Coincidence: A Novel Page 2
But there are postscripts to the story of the foundling girl, and these are significant too. In none of these cases did anyone appreciate at the time quite how relevant each of the events might be to the life of Azalea Ives. The first such event occurred in May 1983, almost a year after Azalea’s appearance at the fairground. The body of a young woman, very badly decomposed, was discovered on a beach in North Devon, near Bude. She had been dead for about a year. She lay unidentified in a refrigerated store for eighteen months until instructions were issued for her burial. In 1986, a police constable in Cornwall, carrying out a cold-case review, was able to point to a number of similarities between this case and the case of ‘Girl A’. In particular, he noted, both the dead woman and Girl A had red hair. He speculated that the body at Bude could have been related to Girl A. In particular, he thought, the dead woman might have been Azalea’s mother. His report was seen by an Inspector in Exeter who considered the theory briefly and then dismissed it. The conclusions were too circumstantial. The official explanation for Azalea’s presence at the fairground was still deliberate abandonment, and the Inspector saw no reason to change this. There was no DNA testing, but crucially, the conclusions of the Cornish policeman were diligently recorded on the file.

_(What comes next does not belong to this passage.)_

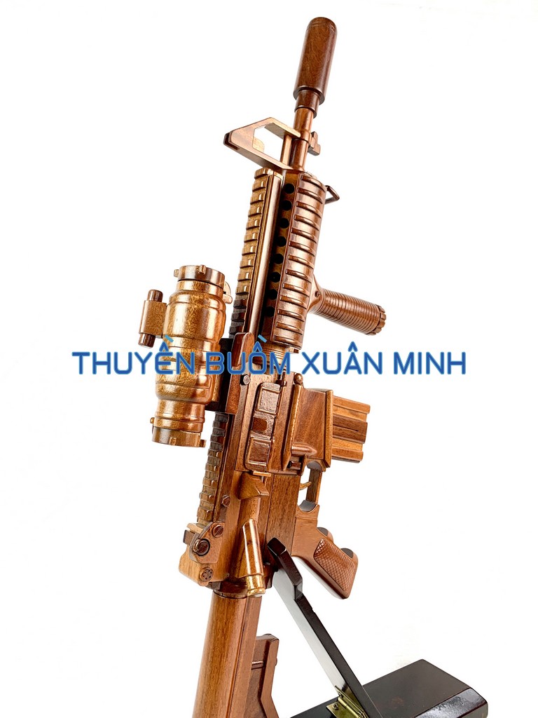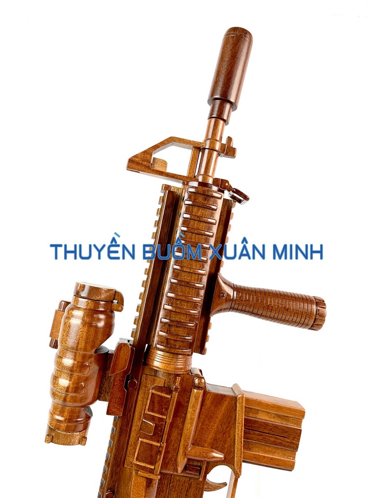 _ Mô hình được thiết kế tỉ mỉ, chắc chắn và được chạm khắc tinh xảo, bắt mắt người xem với chất liệu gỗ tự nhiên cùng với lớp sơn bóng PU không lo mối mọt trong thời gian dài. Hơn nữa các chi tiết như nòng súng, ống nhắm, ruồi nhắm, băng đạn, tay cầm, báng súng cũng như các trang trí khác.. được thiết kế phù hợp với tỷ lệ mô hình súng gỗ này.

The file on Azalea Ives was closed on 6 June 1986, and in 1992 all the documents associated with the case were sealed and sent to Exeter for long-term storage, where they still exist in a brown cardboard document box among several thousand others in a warehouse near the old docks. In all this time only one person consulted them – a private detective called Susan Calendar. We will come to her, in good time.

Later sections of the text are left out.